═══ Source data

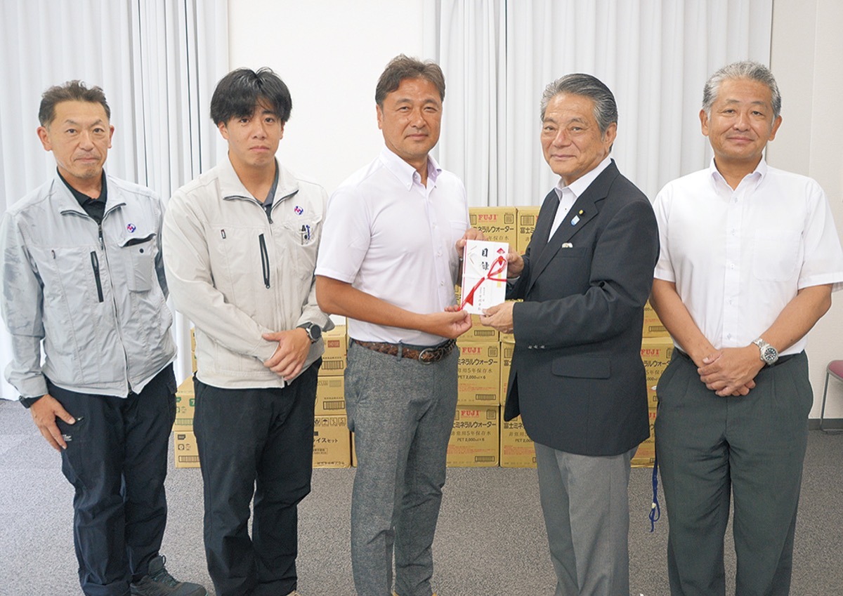 公共工事などを手掛ける(株)日工(吉岡幸弘代表)=市場富士見町=が7月11日、鶴見区社会福祉協議会に防災食など備蓄品の寄付を行った。
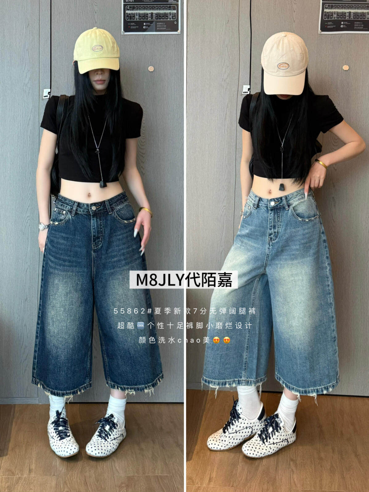 m8 데님 색상 바지 갈기 디자인 센스 루즈핏 대 에디션 와 성별 없음 폭탄 7 분 와이드 레그 팬츠 청바지 55862
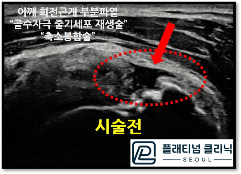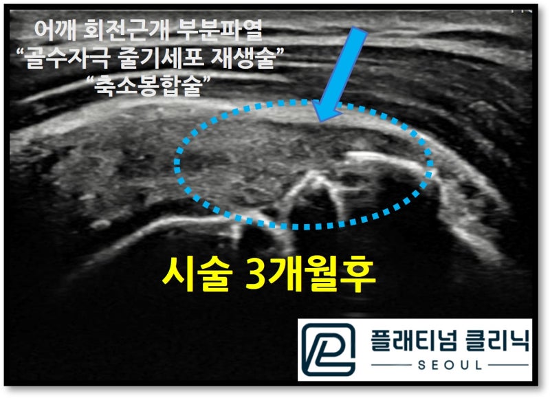 안녕하세요. 정형외과 전문의 이동규 원장 입니다. 오늘은 회전근개 파열의 비수술적 치료에 대해 케이스를 보여드리겠습니다. 회전근개가 완전파열이 된 경우에는 수술적 치료를 해야 합니다. 하지만 부분파열이 있는 경우 증식치료, 프롤로치료 등 치료약제를 이용하여 치료를 하게 되는데 파열의 양상이 좋지 않은 경우 이러한 증식치료, 프롤로치료 로 효과를 보지 못하시는 분들이 많습니다. 이런 경우 결국 시간이 지나 완전파열로 진행하게 되고 어쩔수 없이 수술을 받으시는 분들이 생기게 됩니다. 주사치료에도 효과를 보지 못하시는 환자분이나 수술적 치료를 하기에는 파열이 크지 않으신 환자분들은 정말 답답한 상황이 아닐 수 없습니다. 이러한 경우 비수술적으로 회전근개 부분파열이 치료된 방법을 소개해 드리겠습니다. 바로 골수자극 줄기세포 재생술 과 축소봉합술 입니다. 골수자극 줄기세포 재생술 https://blog.naver.com/9690067/222934136001
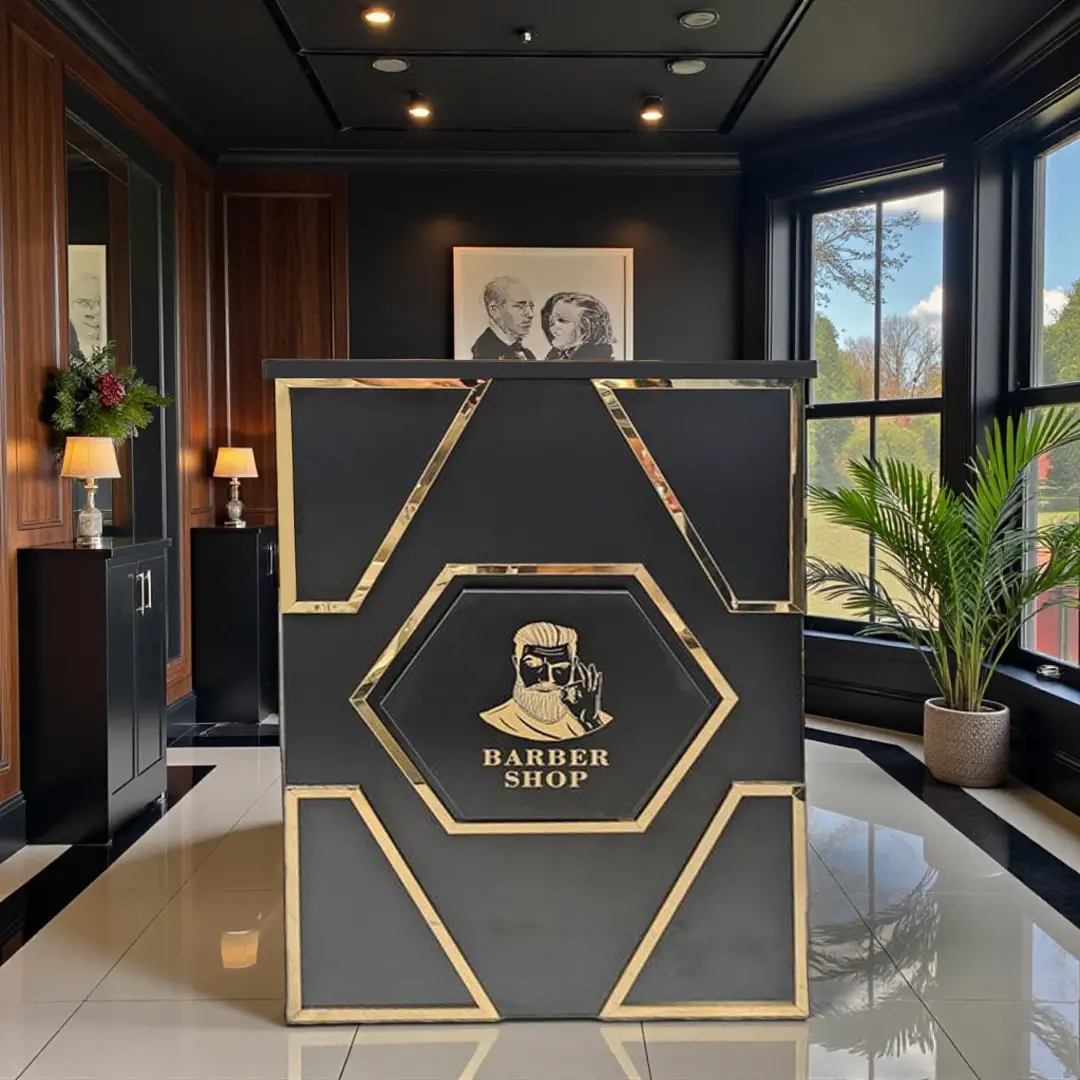 Accueillez vos clients avec le comptoir Caisse IGOR, un meuble de réception en bois de haute qualité, spécialement conçu pour les salons de coiffure et les barbiers.

══════

> [Instructions for the task] Word for word, retype all of the data above, but include no pictures.

> [Result for this task]
 公共工事などを手掛ける(株)日工(吉岡幸弘代表)=市場富士見町=が7月11日、鶴見区社会福祉協議会に防災食など備蓄品の寄付を行った。
 m8 데님 색상 바지 갈기 디자인 센스 루즈핏 대 에디션 와 성별 없음 폭탄 7 분 와이드 레그 팬츠 청바지 55862
 안녕하세요. 정형외과 전문의 이동규 원장 입니다. 오늘은 회전근개 파열의 비수술적 치료에 대해 케이스를 보여드리겠습니다. 회전근개가 완전파열이 된 경우에는 수술적 치료를 해야 합니다. 하지만 부분파열이 있는 경우 증식치료, 프롤로치료 등 치료약제를 이용하여 치료를 하게 되는데 파열의 양상이 좋지 않은 경우 이러한 증식치료, 프롤로치료 로 효과를 보지 못하시는 분들이 많습니다. 이런 경우 결국 시간이 지나 완전파열로 진행하게 되고 어쩔수 없이 수술을 받으시는 분들이 생기게 됩니다. 주사치료에도 효과를 보지 못하시는 환자분이나 수술적 치료를 하기에는 파열이 크지 않으신 환자분들은 정말 답답한 상황이 아닐 수 없습니다. 이러한 경우 비수술적으로 회전근개 부분파열이 치료된 방법을 소개해 드리겠습니다. 바로 골수자극 줄기세포 재생술 과 축소봉합술 입니다. 골수자극 줄기세포 재생술 https://blog.naver.com/9690067/222934136001
 Accueillez vos clients avec le comptoir Caisse IGOR, un meuble de réception en bois de haute qualité, spécialement conçu pour les salons de coiffure et les barbiers.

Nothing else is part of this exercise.